If the L2 hit rate is really high, I would not take any drastic measures to improve the L1 hit rate. If occupancy is high, most of the latency tolerance comes from running numerous threads, and the higher latency from accessing the L2 cache is easily covered. From a power draw perspective it would be best to improve L1 hit rate, though.

1 Like

Data reuse. It’s the name of the game for a cache.

The profiler prints the hit rates right on the diagram.

L1: 2.45%
L2: 103.24% (LoL)

The profiler also color codes the various paths to show percent of peak utilization of a particular path. Since they are all black, I get the impression it is a compute-bound kernel.

1 Like

On my screen, all text in the above image is not readable: I see ant droppings.

Sure. Just pointing it out. If you click on the image it expands (at least, in my chrome browser it does).

~2B global instructions producing ~9B global space requests. triggering 280GB of data reads, so 32bytes/req. Each instruction retrieves 128 bytes. Probably mostly int or float data. Nothing particularly noteworthy there. A compute bound kernel working on int or float data.

An L1 hit rate of only 2.5% seems wasteful, but maybe that is something the GPU architects should ponder rather than CUDA programmers.

In light of the above, given this appears to be largely read only global access, loads via the __ldg mechanism may be beneficial to L1 hit rates.

Is there a way to tell what the data is? I am curios if its basically the same data being read at different times. If that’s the case moving to to physical device memory would be a good starting point.

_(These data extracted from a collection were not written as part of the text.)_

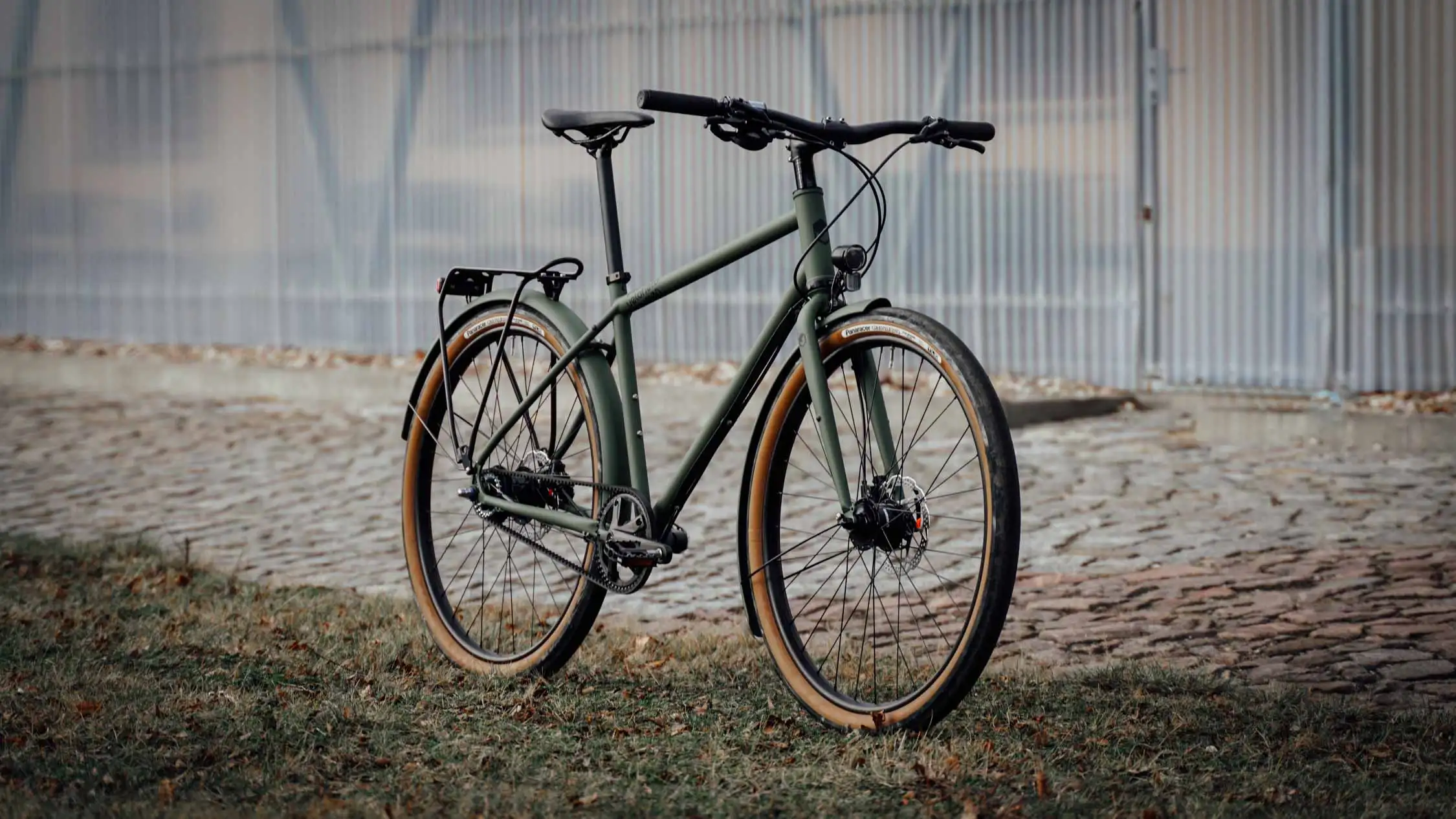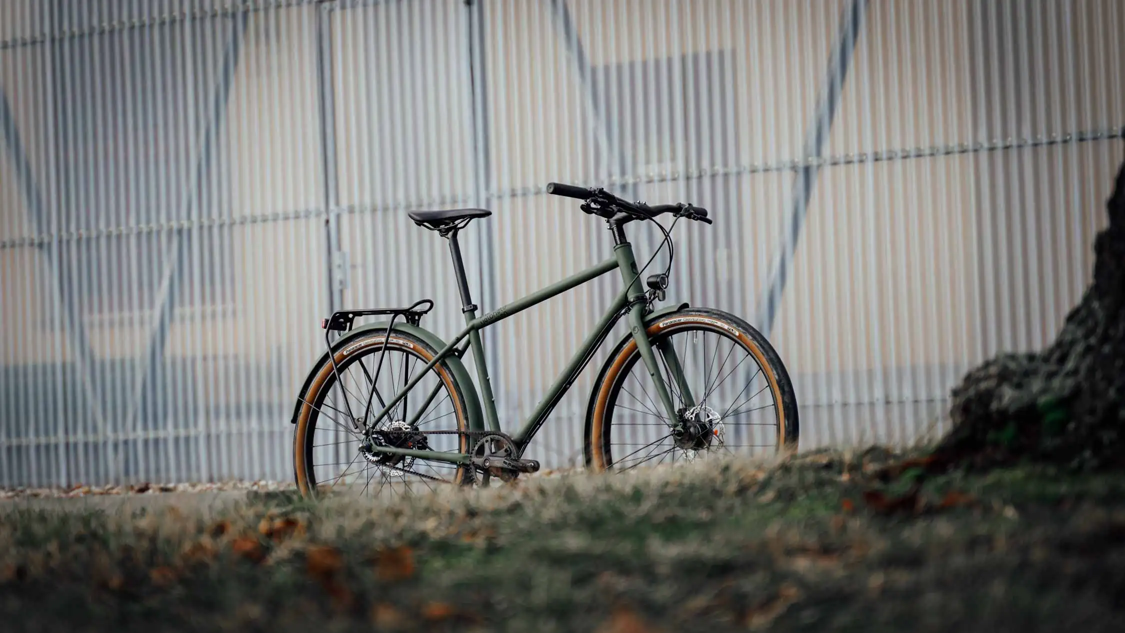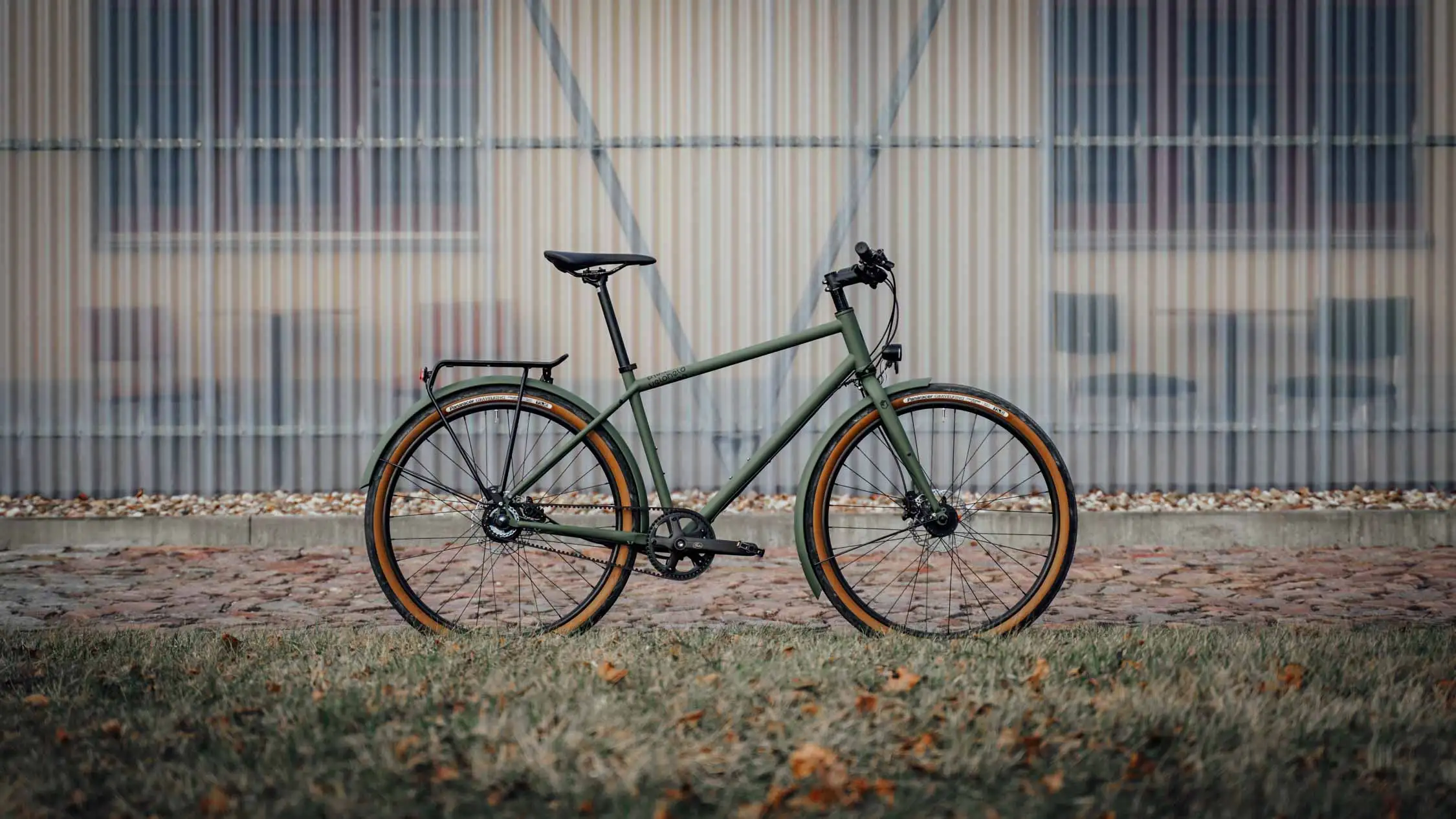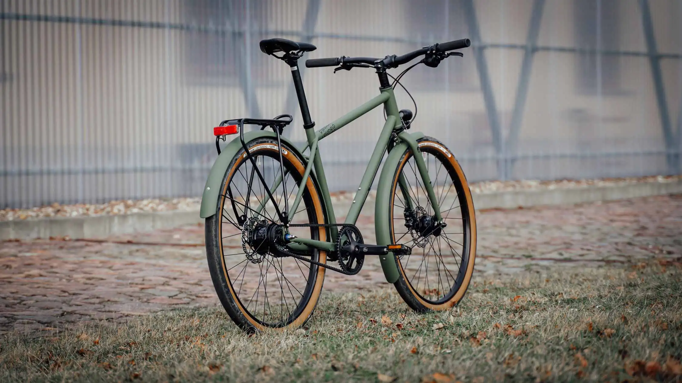 Ein veloheld.path nach unserem Geschmack! Das robuste Stadtrad in mattem Olivgrün (RAL 6003) steuert stilvoll und gelassen durch die Stadt und deren diverse Straßenbeläge.
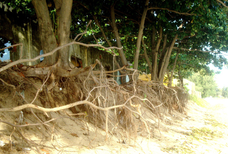 Hiện nay, hàng cây bàng trên bãi biển Nha Trang (tiếp giáp với quân cảng) bị trơ gốc rễ do triều cường, sóng lớn cuốn đất, cát ở gốc (ảnh). Nếu không có biện pháp thì hàng cây đang tạo mỹ quan, cho bóng mát này sẽ bị bật gốc. Rất mong đơn vị chủ quản quan tâm giữ gìn hàng cây này.
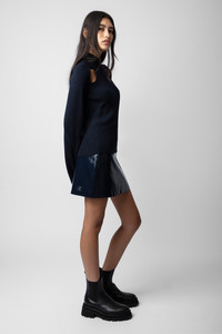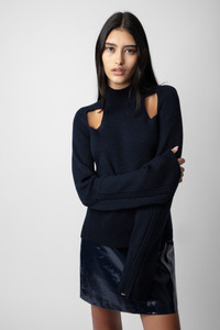 Women’s navy blue merino wool sweater with cut-outs on the shoulders and overstitching. Description & details - Women’s Encre navy blue merino wool sweater - Cut-outs on the shoulders, overstitching and ZV embroidery - Ribbed round neckline - Long sleeves and cuffs Model is 174 cm / 5' 8" and is wearing a size S This item is true to size. We recommend buying your usual size. Composition 100% WOOL MERINOS Care - Hand-wash or machine-wash on a 20°C wool cycle with a maximum spin speed of 400 rpm - Do not wring - Air dry flat - Iron inside out at a maximum of 110°C, avoiding any customised details Product code: KWSW01551_ENCRE
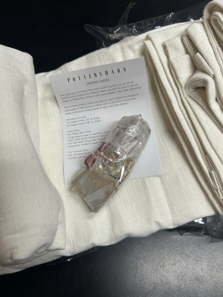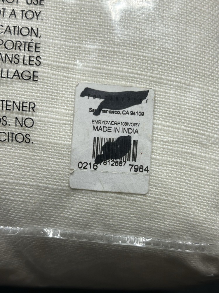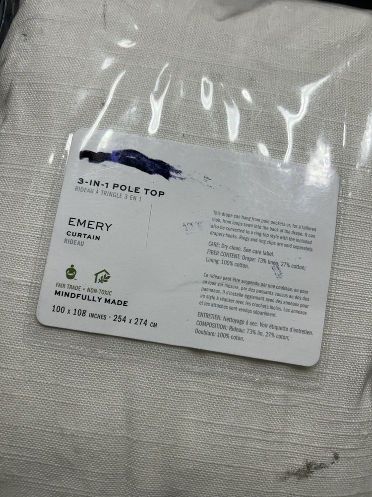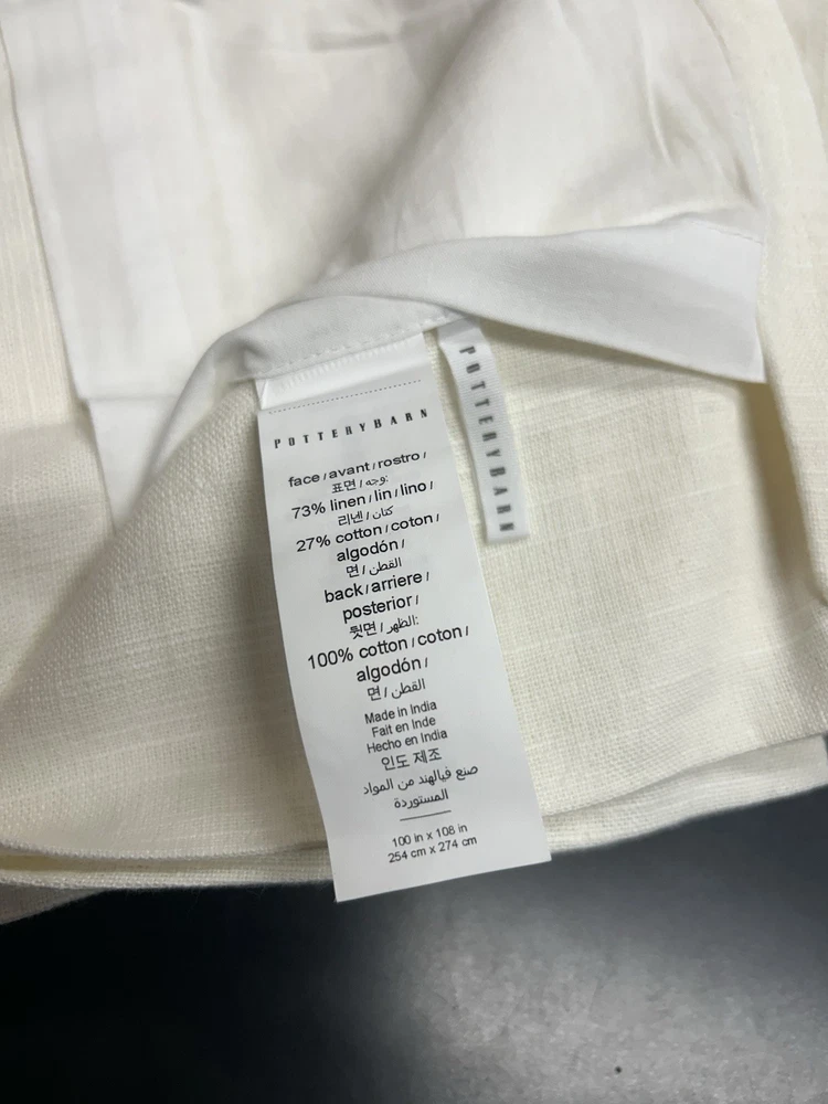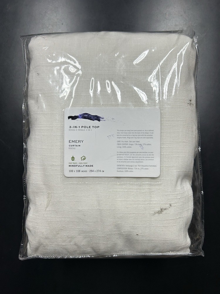 Gorgeous doublewide panel from Pottery Barn's Emery Linen Drapery collection in "ivory". Classic linen/cotton blend with light cotton lining. New, open box item. Includes hanging instructions and drapery hooks. No signs of use or wear-no stains, snags or marks. One panel Ivory 73% linen, 27% cotton Light filtering cotton lining 108" long by 100" wide 3-in-1 style top with options for rod pocket, tabs or drapery hooks/rings Original retail price $339
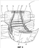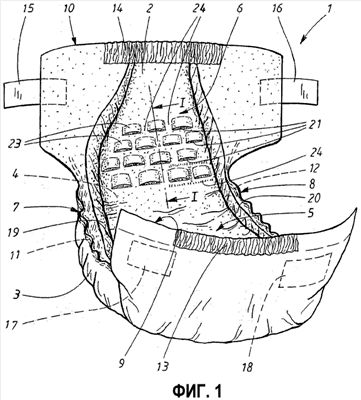 Настоящее изобретение будет описано далее со ссылкой на ряд предпочтительных вариантов осуществления, которые показывают различные типы поглощающих изделий в соответствии с изобретением. В соответствии с первым вариантом осуществления, который можно видеть на фиг.1, поглощающее изделие представляет собой подгузник 1 одноразового типа, предназначенный для младенцев. Подгузник 1 содержит первый покрывающий лист, образующий проницаемый для жидкостей, верхний лист 2. Данный верхний лист 2 расположен с той стороны подгузника 1, которая во время использования предназначена для того, чтобы быть направленной к человеку, носящему подгузник. Подгузник 1 дополнительно содержит второй покрывающий лист, образующий нижний лист 3, который во время использования предназначен для того, чтобы быть направленным от пользователя. Нижний лист 3 соответственно выполнен не проницаемым для жидкостей. Слой набивного материала 4 расположен под верхним листом 2. В соответствии с тем, что подробно описано ниже, верхний лист 2 и расположенный под ним набивной материал 4 образуют проницаемый для жидкостей и обеспечивающий перемещение жидкостей ламинат, который согласно изобретению используется, в частности, для приема неплотных и текучих экскрементов. Под набивным материалом 4 имеется поглощающее тело, которое не обозначено никакой ссылочной позицией на фиг.1, но будет описано ниже со ссылкой, в частности, на фиг.2.
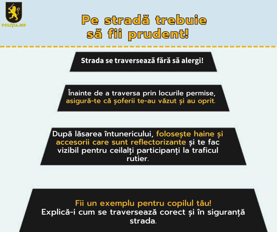 Totodată, pietonii care ignoră semnele de dirijare a traficului rutier, traversează neregulamentar partea carosabilă sau se deplasează în locuri interzise sunt amendați cu până la 450 de lei.
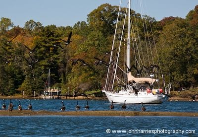 Aluminum sailboat Morgan’s Cloud and Canada geese enjoy a break from winter in Mill Creek, Chesapeake Bay.
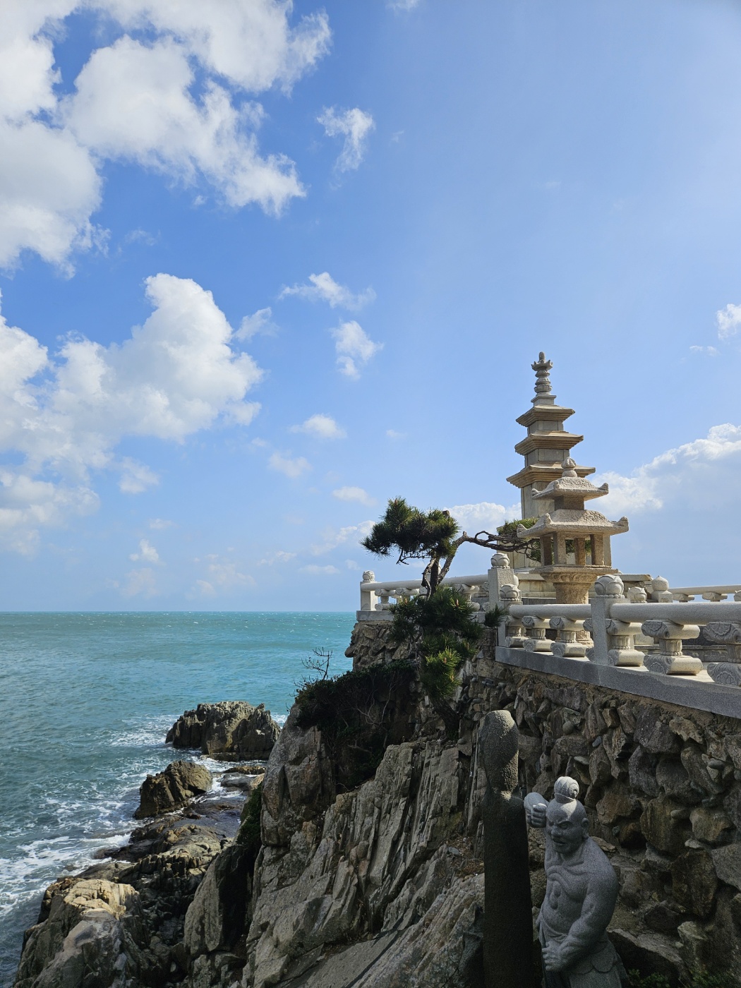 용궁사는 해안 사찰이다. 우리 나라 대부분의 사찰이 산에 있는 것과는 대조적이다. 좁고 짧은 대나무 사잇길을 지나면 갑자기 바다와 너른 경내가 펼쳐지는데, 아찔했다. 넥타이로 목을 조르듯 꽉 묶여서 그 갑갑함에 익숙해진체 보내던 일상에서 갑자기 터저나오듯 펼쳐지는 바다와 사찰의 모습은 엄청난 해방감으로 다가왔다. 사람이 아무리 많아도, 바다와 하늘, 사찰이 만나는 그 오묘한 균형감은 내 가슴에 고요를 주었다.

I don’t know how to tell what the data is from that chart beyond the inferences I have made already. The profiler can tell you about pipe utilization, which could possibly be used to inform if it is int vs. float activity, for example. But I don’t know how to get the profiler to tell you that it is reading the same data over and over.

For sure it is reading the same 3GB of data over and over. That much you can get from the memory chart, as has been discussed already. I also don’t know what you mean by “physical device memory”. The profiler memory chart shows you that it is reading 3GB of data from physical device memory. That blue box is labelled device memory, and the arrow with the 3GB number attached to it indicates reads from device memory (traffic moving from device memory to L2 cache).

I am a little confused on how it can bring in 3GB of data from device memory but read 278GB from L2. The way I imagine how we get the memory chart above is the kernel requesting data, lets say 8MB, for the first time. Its fetched from device memory and brought up to the kernel (traverses through L2 and L1). The kernel then asks for different portions of this data, can not find it in L1, but always finds it in L2. Therefore L2 sends it up. This is how I see such high hit rate in L2, low hit rate in L1, and disproportionate data transfer from device memory and L2. Is this a correct way of thinking?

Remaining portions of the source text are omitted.